Long tail parties will now include low activity and dormant customers. And considering this NY Times article ( on a new service called Abandonment Tracker Pro, data capture requirements may also include customers who haven’t yet purchased anything. Offers to these long tail customers will be necessary as they comprise a larger portion of the overall enterprise sales than in the past, and as the targeted offers become more exact and more varied as the enterprise’s useable data grows. The additional costs will be the capture and storage of the long tail customers’ data and additional CPU and disk I/O to run the deeper analytics.

Then we can ask, “Just how much data do we want to store for a party?” Certainly we’d like to total history of the enterprise’s relationship with a customer, even if it spans decades. Some examples: a specialty retailer may see only a belt or a DVD as an initial purchase for a potentially long-term profitable customer; financial institutions would like to have a lifetime relationship with a client and then follow-on seamlessly the client’s descendants. These enterprises can vary offers and services based on changes in generational purchasing patterns.

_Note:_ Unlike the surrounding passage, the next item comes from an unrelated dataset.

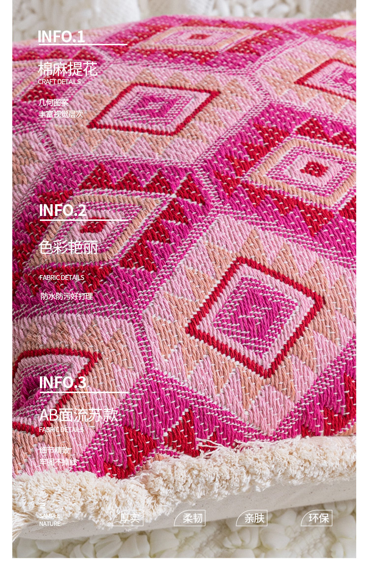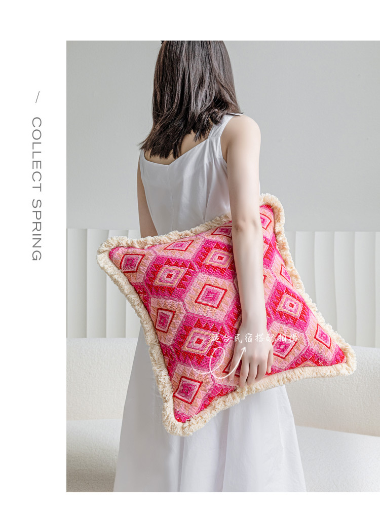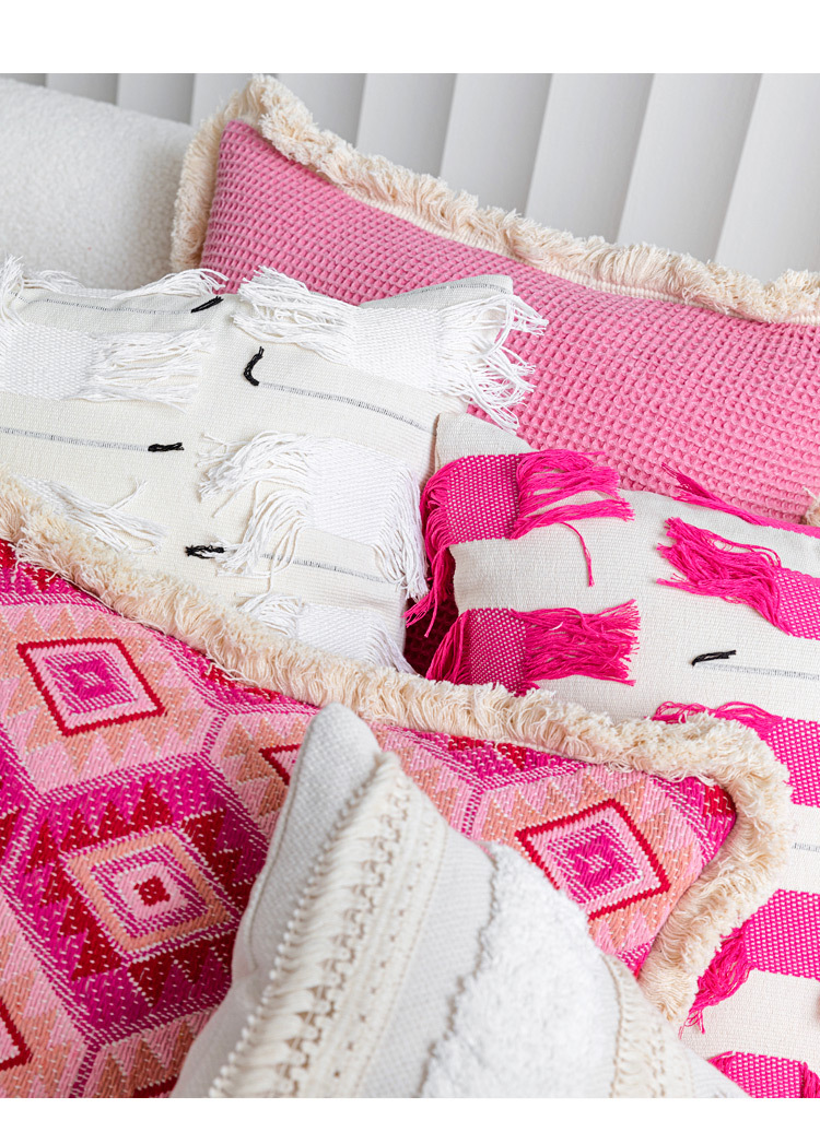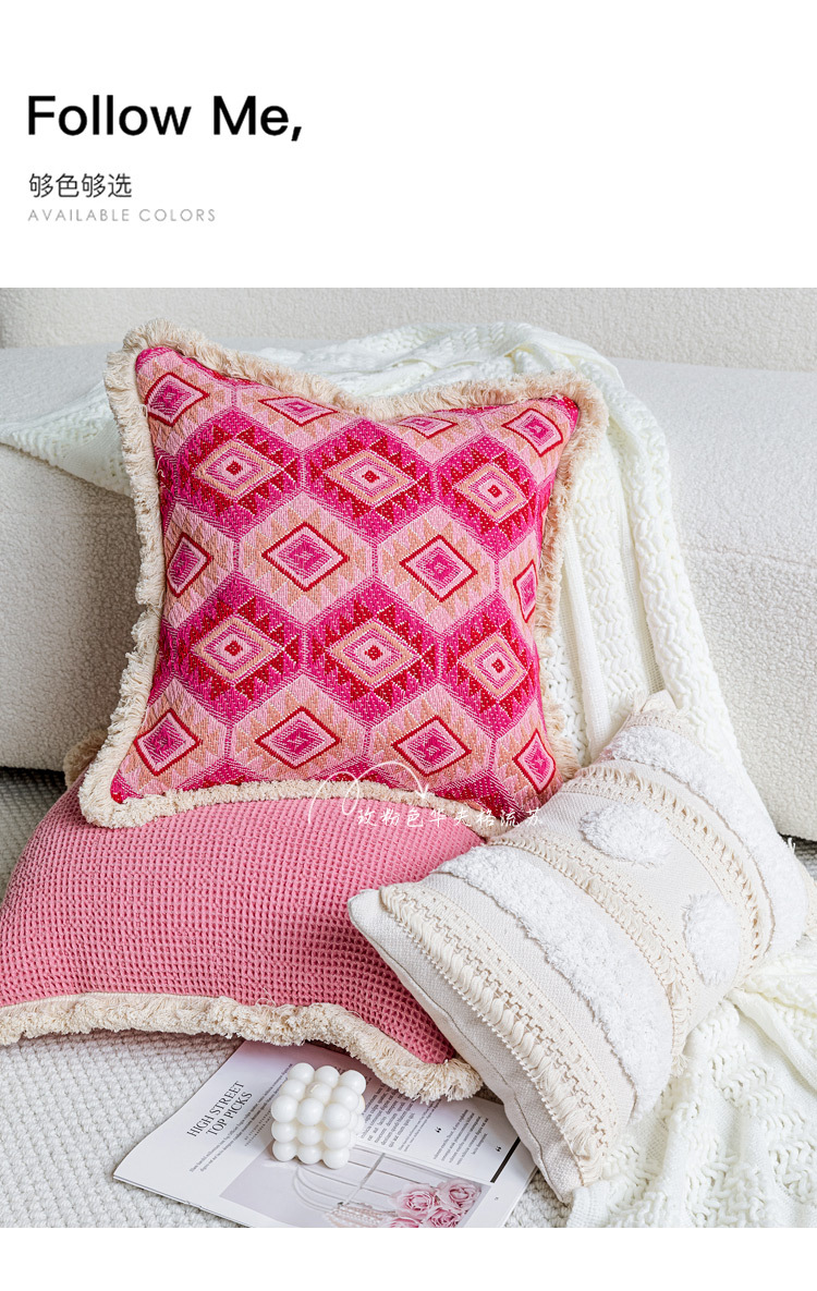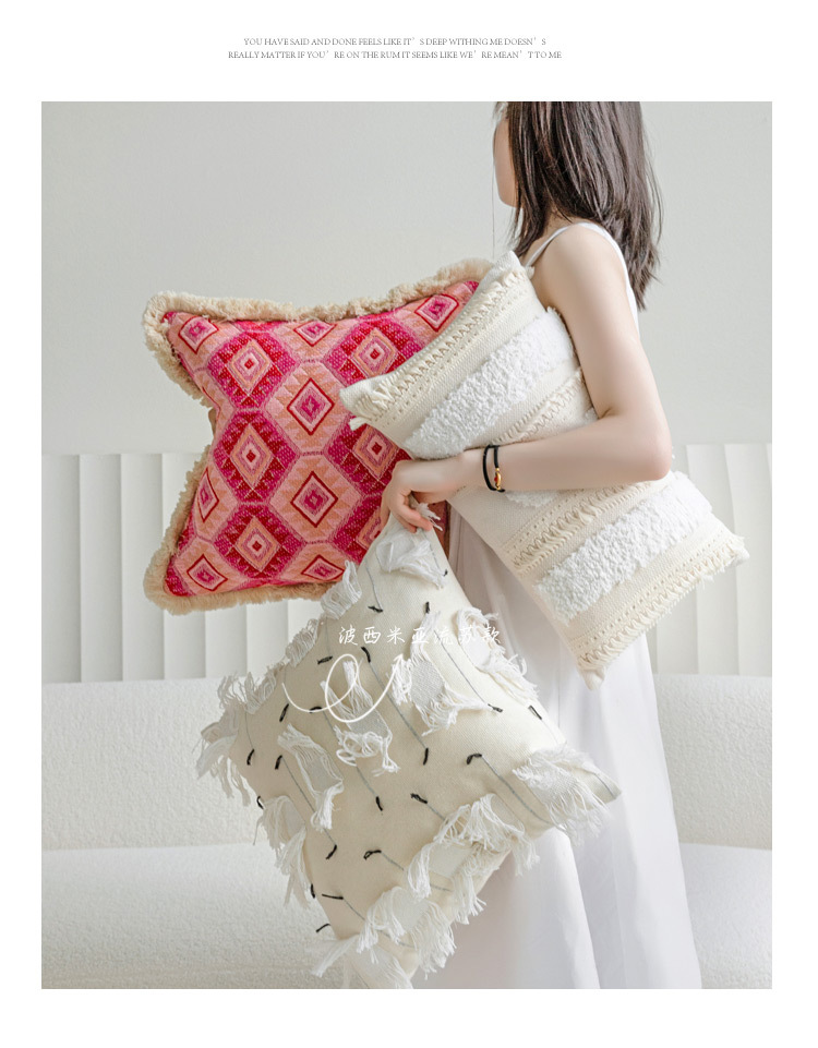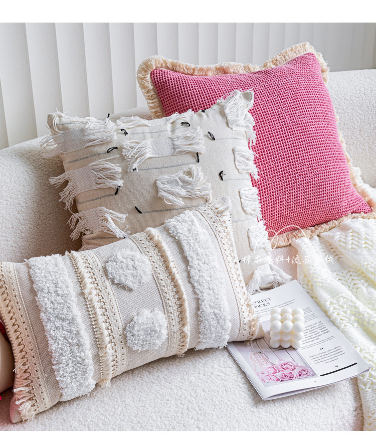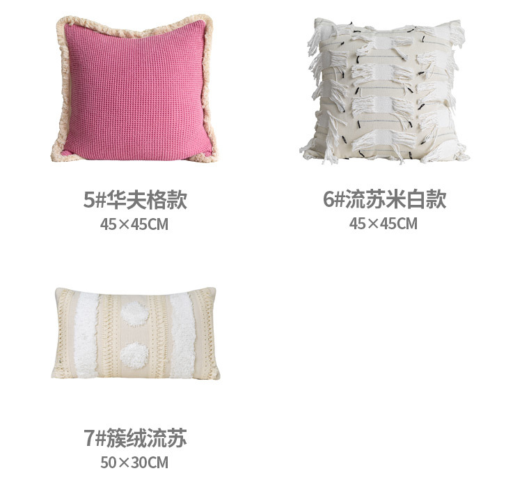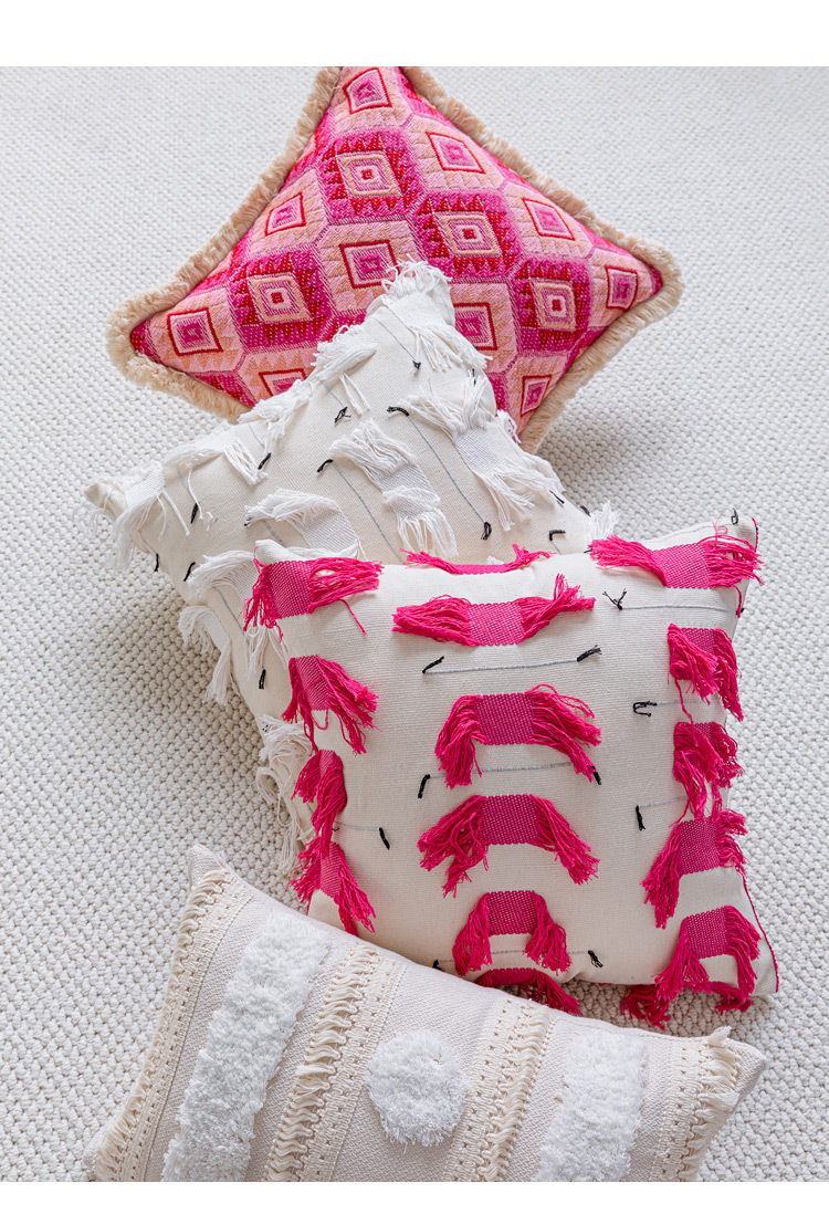 color: Off-white tufted tassel 30*50cm, tassel off-white 45*45cm, cloud velvet off-white 45*45cm, rose red tassel 45*45cm, rose red jacquard 45*45cm
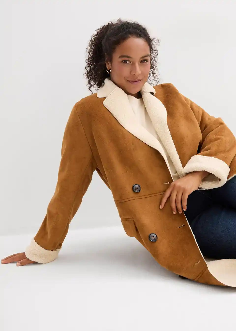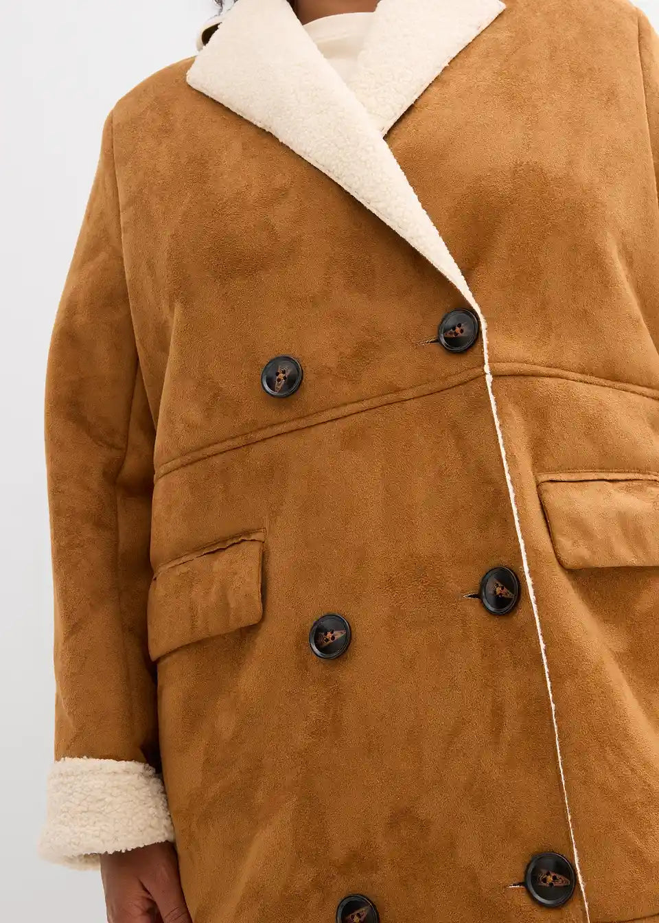 Lederimitat-Mantel mit Teddy warm gefüttert

Not only is there expansion of the history requirements, but also expansion of the width of the data model requirements. For example, Saks captures detailed data records of their customers’ shopping experience. Going forward, what will be the cost of record creation and retention for more retailers to capture this kind of data? How much time does it take for a sales associate to text a comment for inclusion in the EDW? Additional data needed to document the party relationship can include service requests, complaints, inquires, e-mail, web interactions, audio (call center), and GPS. To quote Bill Inmon, the enterprise has a “... financial interest in analyzing all types of customer interactions with the enterprise – not just transactions”

And what about data outside of the enterprise’s direct relationship with a customer? How about their social networking data (Facebook, MySpace, LinkedIn, etc.)? Should the enterprise capture and mine this seemingly near infinite data to generate offers that relate to the customer’s interests?

Other subject areas that immediately come to mind that can replicate this kind of growth include supply chain, product and product manufacturing, and regulatory tracking and reporting requirements.

We need to anticipate and plan for the EDW’s support requirements to grow exponentially over what might be considered to be “best practice” today.